Wenn der Autor beispielsweise König Heinrich dem V. bei einer Audienz beim Papst die Worte „Wenn es Euch glücklich“ macht in den Mund legt und ihn daraufhin über das ganze Gesicht grinsen lässt, frage ich mich, inwiefern es realistisch ist, dass ein mittelalterlicher König sich dem Papst gegenüber so geäußert und verhalten haben könnte.

Der Autor gebraucht viele historische Fachtermini, die man zwar kennen kann, die aber nicht zum allgemein üblichen Wortschatz gehören. Abhilfe schafft – zumindest in einigen Fällen – das Glossar im Anhang des Romans. Allerdings ist das Glossar nicht sehr umfangreich. Es erläutert lediglich 36 Begriffe. Und während en detail erklärt ist, wodurch sich ein englischer Langbogen auszeichnet, finden Fremdwörter wie „Regalien“, „Investitur“, „Pfründen“ oder „kanonisches Recht“ nicht einmal Erwähnung.
Ich persönlich kenne die Bedeutung dieser – und anderer im Roman vorkommender – Begriffe. Aber meiner Meinung nach kann nicht davon ausgegangen werden, dass es jedem/r Leser*In so geht.
Daher stellt sich mir die Frage, ob es tatsächlich vonnöten ist, die exakten Einzelheiten zu einem englischen Langbogen zu erfahren, oder ob man die Zeilen nicht besser genutzt hätte, um weitere Begriffe zu erläutern. Möglicherweise hätte das Buch auch zwei oder drei weitere Seiten erhalten können – dann wäre Raum für beides gewesen.

Ein stilistisches Mittel sticht immer wieder hervor: Zeitsprünge, die das Ende einer Szene oder einer Aktion spoilern.
Immer wieder findet man Passagen, in denen Lorne Sätze schreibt wie „Er wusste nicht, wie er sich irren sollte“ oder „Das sollte noch zu viel Blutvergießen führen“. Hier erfährt der Leser in kurzen, knappen Worten, wie die Szenerie ausgehen wird. Dass der Autor diese im Folgenden dann oftmals dennoch ausführlich beschreibt, verwundert, da das Ende bereits bekannt ist.

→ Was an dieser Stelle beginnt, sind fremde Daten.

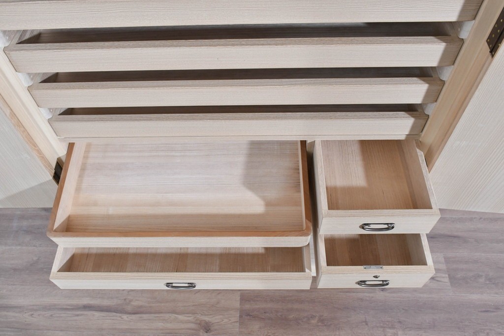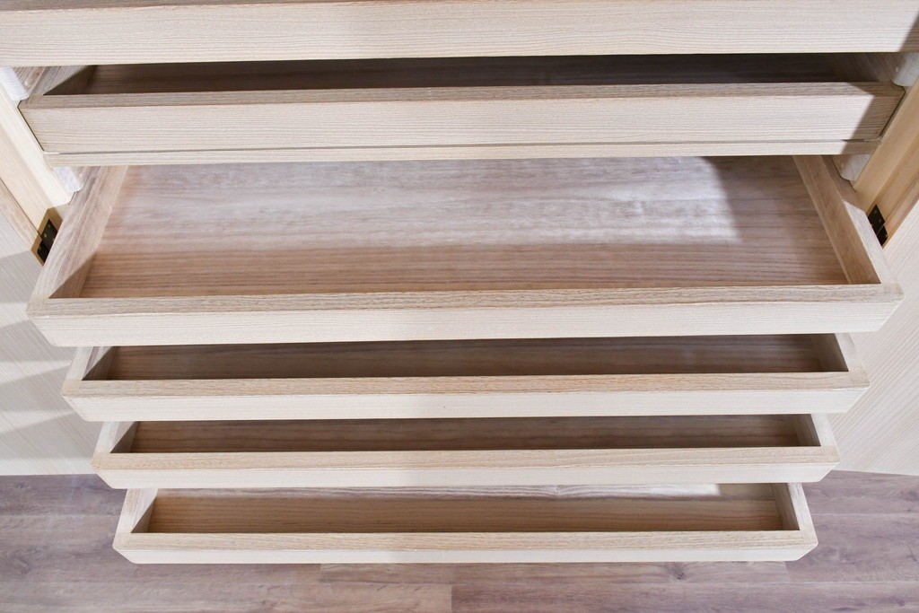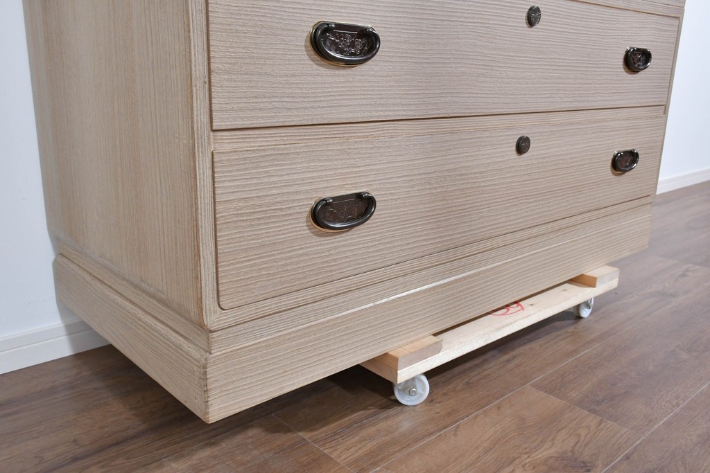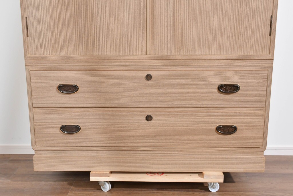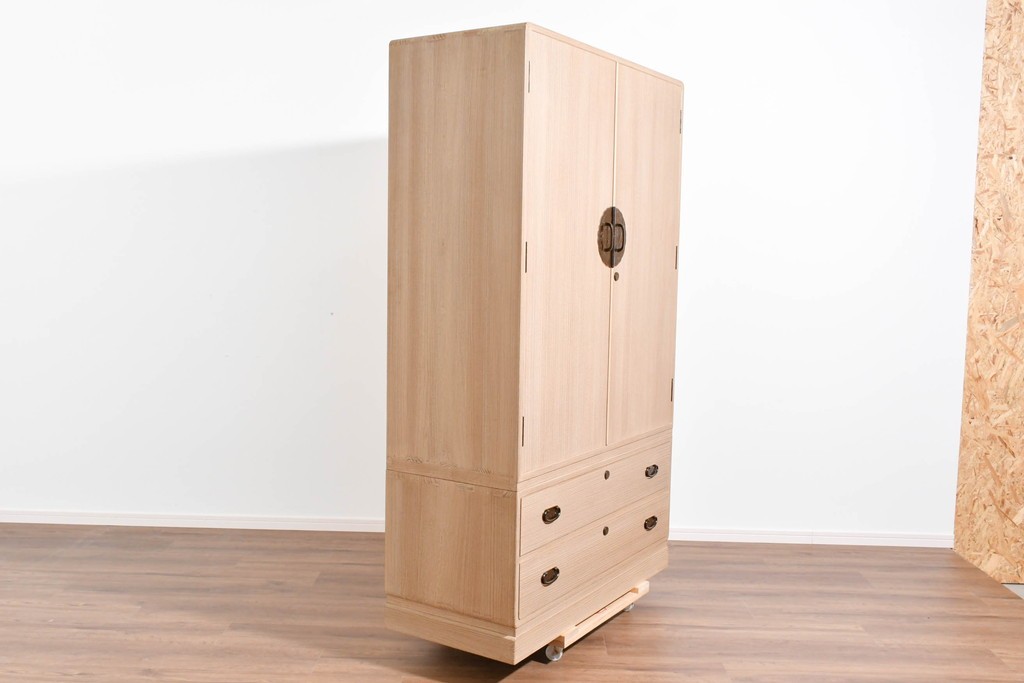 内部には衣類や小物を整理しやすい多段の引き出しが備わり、用途に合わせてすっきり収納できます。桐材は湿度調整に優れ、衣類をやさしく守る素材として古くから親しまれてきました。実用性と伝統技術が心地よく融合した一台です。

Robin Hood im historischen Kontext

Ich kann und möchte mir nicht die Mühe machen, Lornes Robin Hood Roman auf historische Korrektheit, Fehler und Lücken hin zu untersuchen. Und ich werde auch nicht überprüfen, welches Detail als realistisch empfunden oder aus dem belegbaren historischen Kontext als wahrscheinlich wahr befunden wurde.
Während ich beim Lesen an mancher Stelle zweifelte, ob dieses oder jene Wort tatsächlich so gesprochen worden oder diese oder jene Szene sich wirklich so ereignet haben könnte, lässt das Literaturverzeichnis im Anhang des Romans darauf schließen, dass sich der Autor mit den historischen Kontexten auseinandergesetzt und vertraut gemacht hat. Wie viel seiner Interpretation zu verdanken ist, wie er recherchiert und wie er die gefundenen Quellen ausgelegt hat, kann ich nicht beurteilen.
Fakt ist, dass Lorne kein studierter Historiker ist. Er studierte Veterinärmedizin und Pferdezucht.
Dennoch bin ich davon überzeugt, dass sich Lorne alle Mühe gegeben hat, historisch korrekt zu arbeiten und so nah an den Tatsachen zu bleiben, wie es bei einem Roman möglich ist.
Denn eines muss man im Blick behalten: Wir haben keine historisch korrekte Abhandlung vor uns und keine geschichtswissenschaftliche Ausarbeitung sondern einen Historienroman.

Mein Eindruck

Ich muss sagen, ich habe mich schwer getan. Ich habe mich so schwer getan, dass ich diesen Roman ungefähr fünf Mal unterbrochen und zugunsten anderer Lektüre beiseite gelegt habe. Ich habe das Lesen fünf Mal neu aufgenommen und mich jedes Mal bemüht, einen Bezug zum Roman zu finden und in die Geschichte einzutauchen.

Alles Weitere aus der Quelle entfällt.